[Stored items from a collection]
↓
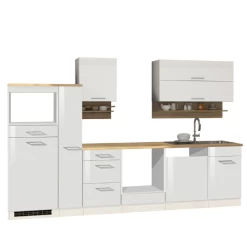De keuken is รฉรฉn van de belangrijkste ruimtes in je huis. Daarom is het belangrijk om een keuken samen te stellen die qua stijl en functie volledig bij jou past. De keukenkasten Ragnar zijn gemaakt uit MDF. De afwerking inย hoogglans witย en deย metalen handgrepenย zorgen voor een moderne look. Deze opstelling bestaat uit twee hangkasten met wandplank, eenย gootsteenkast met ruimte voor een vaatwasser, een onderkast metย ruimte voor een kookplaat en oven,ย een onderkast met drie opberglades, een apothekerskast en een kast metย ruimte voor een magnetron en een koelkast. De toestellen zijn niet inbegrepen. De collectie Ragnar bestaat ook in hoogglans antraciet.
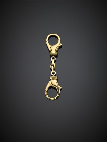 Portachiavi in oro giallo terminato da due moschettoni, dettagli in oro bianco,
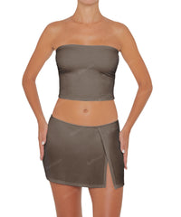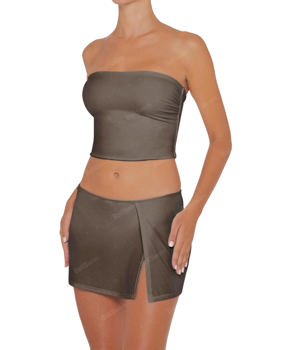 - Detail Feature: Swim skirt bottom, Skirt with basic bikini bottom attached, Slit detail
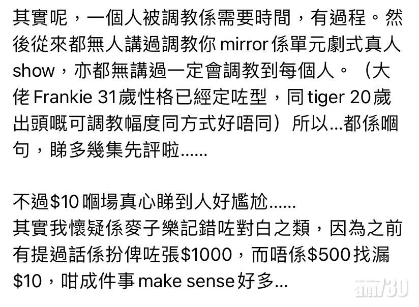 節目以麥子樂的辛酸史,鼓勵隱形成員關鍵在於態度,但粉絲似乎不太收貨,不少粉絲在不同的討論區留言,直指整蠱環節莫名其妙,亦看不到對Frankie有何調教,對「頒獎」環節感非常突然,欠缺互動回應,但亦粉絲認為要耐心等待,睇完20集才作評論。
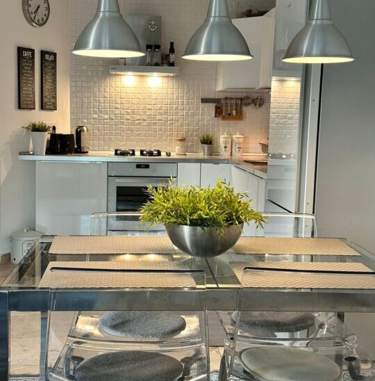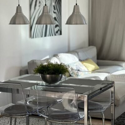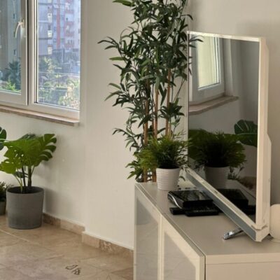 Die Aufteilung umfasst ein Wohnzimmer kombiniert mit einer Küche, zwei Schlafzimmer, ein Badezimmer und einen Balkon. Die Wohnung wurde unter Verwendung moderner Materialien auf hohem Niveau gebaut. Das Bad ist mit Dusche und modernen Sanitäranlagen ausgestattet. Die Warmwasserversorgung erfolgt über einen elektrischen Warmwasserbereiter. Alle Zimmer haben eine Klimaanlage.
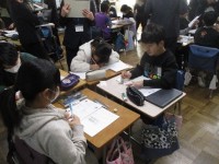 6年2組の算数の時間に研究授業を行いました。 市内小・中学校の先生方が多数参観される中、「比例」の学習に取り組みました。 「画用紙300枚を数えずに用紙するにはどうすればよいか?」について、表や式、...
↑
■ EXERCISE AIM ■
Pictures stay out; the records above are otherwise reproduced exactly.

■ RESPONSE FOR THIS EXERCISE ■
De keuken is รฉรฉn van de belangrijkste ruimtes in je huis. Daarom is het belangrijk om een keuken samen te stellen die qua stijl en functie volledig bij jou past. De keukenkasten Ragnar zijn gemaakt uit MDF. De afwerking inย hoogglans witย en deย metalen handgrepenย zorgen voor een moderne look. Deze opstelling bestaat uit twee hangkasten met wandplank, eenย gootsteenkast met ruimte voor een vaatwasser, een onderkast metย ruimte voor een kookplaat en oven,ย een onderkast met drie opberglades, een apothekerskast en een kast metย ruimte voor een magnetron en een koelkast. De toestellen zijn niet inbegrepen. De collectie Ragnar bestaat ook in hoogglans antraciet.
 Portachiavi in oro giallo terminato da due moschettoni, dettagli in oro bianco,
 - Detail Feature: Swim skirt bottom, Skirt with basic bikini bottom attached, Slit detail
 節目以麥子樂的辛酸史,鼓勵隱形成員關鍵在於態度,但粉絲似乎不太收貨,不少粉絲在不同的討論區留言,直指整蠱環節莫名其妙,亦看不到對Frankie有何調教,對「頒獎」環節感非常突然,欠缺互動回應,但亦粉絲認為要耐心等待,睇完20集才作評論。
 Die Aufteilung umfasst ein Wohnzimmer kombiniert mit einer Küche, zwei Schlafzimmer, ein Badezimmer und einen Balkon. Die Wohnung wurde unter Verwendung moderner Materialien auf hohem Niveau gebaut. Das Bad ist mit Dusche und modernen Sanitäranlagen ausgestattet. Die Warmwasserversorgung erfolgt über einen elektrischen Warmwasserbereiter. Alle Zimmer haben eine Klimaanlage.
 6年2組の算数の時間に研究授業を行いました。 市内小・中学校の先生方が多数参観される中、「比例」の学習に取り組みました。 「画用紙300枚を数えずに用紙するにはどうすればよいか?」について、表や式、...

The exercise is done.